Introduction
The introduction of new software in the marketplace, such as high-definition televisions, makes various groups act autonomously and in their own best interest. First, the television manufacturers set prices to motivate the current users to upgrade to the new system. Their aim is to maximize profit irrespective of whether these prices will maximize profit for the software providers or optimize value for consumers. On the other hand, the software providers will choose an option that maximizes their profits. They will chose either providing the new content or maintaining the existing content. Their choice may not be in the best interest of the manufacturers and viewers. Finally, the consumers will choose an option that offers them the maximum value irrespective of whether it maximizes profit for the other two groups. Thus, the conflicting interest creates a coordination problem in the market place. This problem slows down the pace of adoption of the high-definition television. The paper seeks to discuss the solution to the coordination problems associated with the adoption of the high-definition televisions.
Solution
The problem of trying to coordinate the actions of the three autonomous players can be resolved using the concept of game theory. Game theory focuses on scenarios where the players in the market act autonomously from one another (Bade and Parkin 109). At the same time the players act purposefully with one another in carrying out what is in their best self-regard. The theory also looks at the scenarios where the players receive payoffs that are influenced by the activities of the other players. In the high-definition television game, the television manufacturers respond by producing a certain number of television sets and they set their prices. Further, they respond by providing less television sets if there are less content or charge lower prices if the consumers are not buying the television sets.
The software providers can act by providing a lot of content, none or some (Brickley, Smith and Zimmerman 92). The software providers respond by increasing the amount of content available if the number of viewers increase or by charging more for the content. Finally, the viewers can choose to upgrade to the high-definition television or remain in the analog system. The viewers can respond to both providers in different ways (McAdams 240). They can respond to the television manufacturers by buying the sets at a faster rate when the prices are low. Also, they can respond to the content providers by switching faster when there is more content and when the prices are low (Fisher 176).

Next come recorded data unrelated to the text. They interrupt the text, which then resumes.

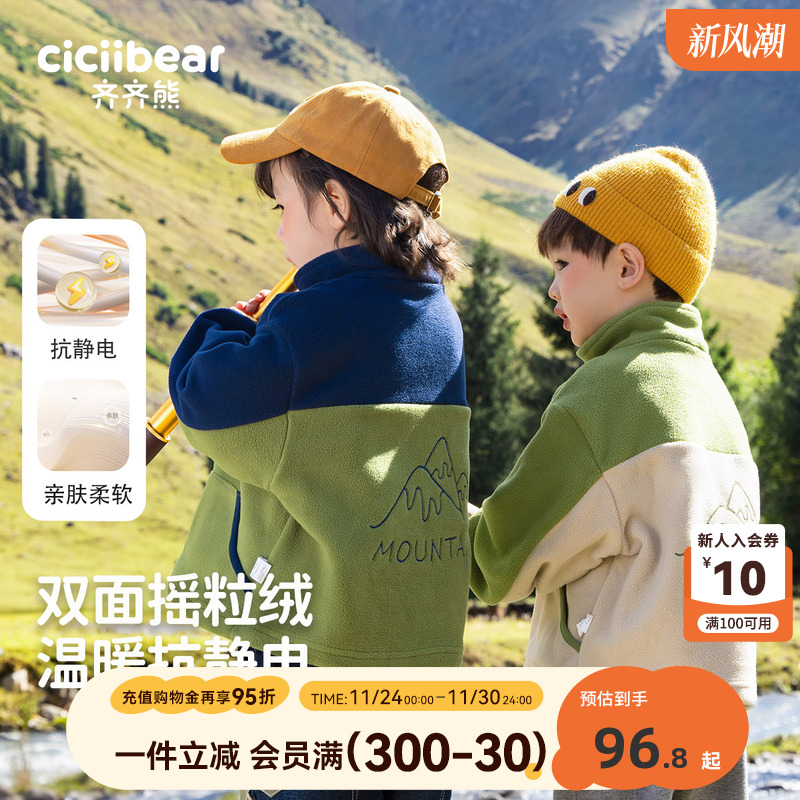 【抗静电】齐齐熊宝宝摇粒绒外套春秋男童上衣儿童抓绒衣户外运动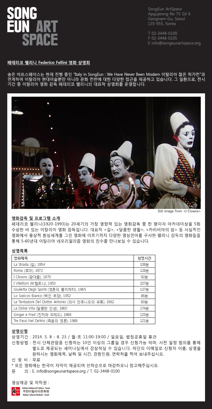 [송은아트스페이스] 페데리코 펠리니 영화 상영회 안내 페이지 정보 작성자 송은아트스페이스 조회 16,962회 작성일 14-07-05 17:54 본문 추천 0 목록 이전글 [2014 단원미술제 미술부문 작품공고] 14.07.15 다음글 공동체 기반 예술 워크숍 The Community-based Art Workshop 피어라 커뮤니티 14.07.04 송은아트스페이스님의 자유게시판 관련글 자유게시판 더보기 H 인기글 [송은 아트스페이스] “제18회 송은미술대상전” 단체관… 01-10 H 인기글 [송은 아트스페이스] 도슨트 자원봉사자 모집 ‘제17회… 11-21 H 인기글 [송은 아트큐브] 이병찬 개인전: 위장된 북어 9/15… 10-20 H 인기글 [송은 아트스페이스] 손동현: Jasmine Drago… 08-01 H 인기글 [송은 아트스페이스] 도슨트 자원봉사자 모집 “손동현:… 06-17 H 인기글 [송은 아트스페이스] 도슨트 자원봉사자 모집 “전소정 … 04-21 H 인기글 [송은 아트스페이스] 프랑스 지역자치단체 현대미술 컬렉… 03-22 H 인기글 [송은 아트스페이스] 도슨트 자원봉사자 모집 ‘What… 02-17 H 인기글 [송은 아트큐브] 류현민 개인전 : 완벽한 수평을 찾아… 12-10 H 인기글 [송은 아트스페이스] 톰 탄디오의 인도네시아 현대미술 … 10-12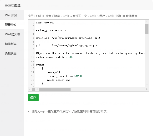 注意事项:此处为nginx主配置文件,若您不了解规则,请勿随意修改。

The problem of the high-definition television is an example of the chicken-and-egg problem (Baldwin and Scott 167). In this case, the television manufacturers and software providers are unwilling to enter the market because a few consumers have embraced the new technology. Also, the consumers are hesitant to embrace the new technology because they believe that the content is not adequate. This action can result in a delay before a new technology is adopted in the market because the players are acting in their own best interest (Fisher 198). To resolve this problem, it is important to allow the three groups to play the game simultaneously. In this case, the television manufacturers have to provide the high-definition televisions, at the same time, the software providers should find it profitable to provide content for the high-definition televisions, and the consumers must find the set of televisions valuable. If the three players respond to the technologies at the same time, then the new televisions will be embraced at a sensible speed (Mankiw 298).
Summary
The coordination problems with the high-definition televisions or any other new technology can be resolved using the concept of game theory. However, it is important to evaluate the each case separately because previous studies showed that implementation of new technology is much easier if the new technology is compatible with the old one.
Works Cited
Bade, Robin and Michael Parkin. Essential Foundations of Economics, USA: Pearson Education, 2013. Print.
Baldwin, William and John Scott. Market Structure and Technological Change, UK: Taylor & Francis Publishers, 2013. Print.
Brickley, James, Clifford Smith and Jerold Zimmerman. “An Introduction to Game Theory and Business Strategy”. Journal of Applied Corporate Finance. 13.2 (2015): 84-98. Print.
Fisher, Ruth. Winning the Hardware-Software Game: Using Game Theory to Optimize the Pace of New Technology Adoption, USA: Pearson Education, 2009. Print.
Mankiw, Gregory. Principles of Microeconomics, USA: South-Western Cengage Learning, 2012. Print.
McAdams, Richard. “Beyond Prisoners’ Dilemma: Coordination, Game Theory, and Law.” Southern California Law Review. 82.2 (2009): 209-260. Print.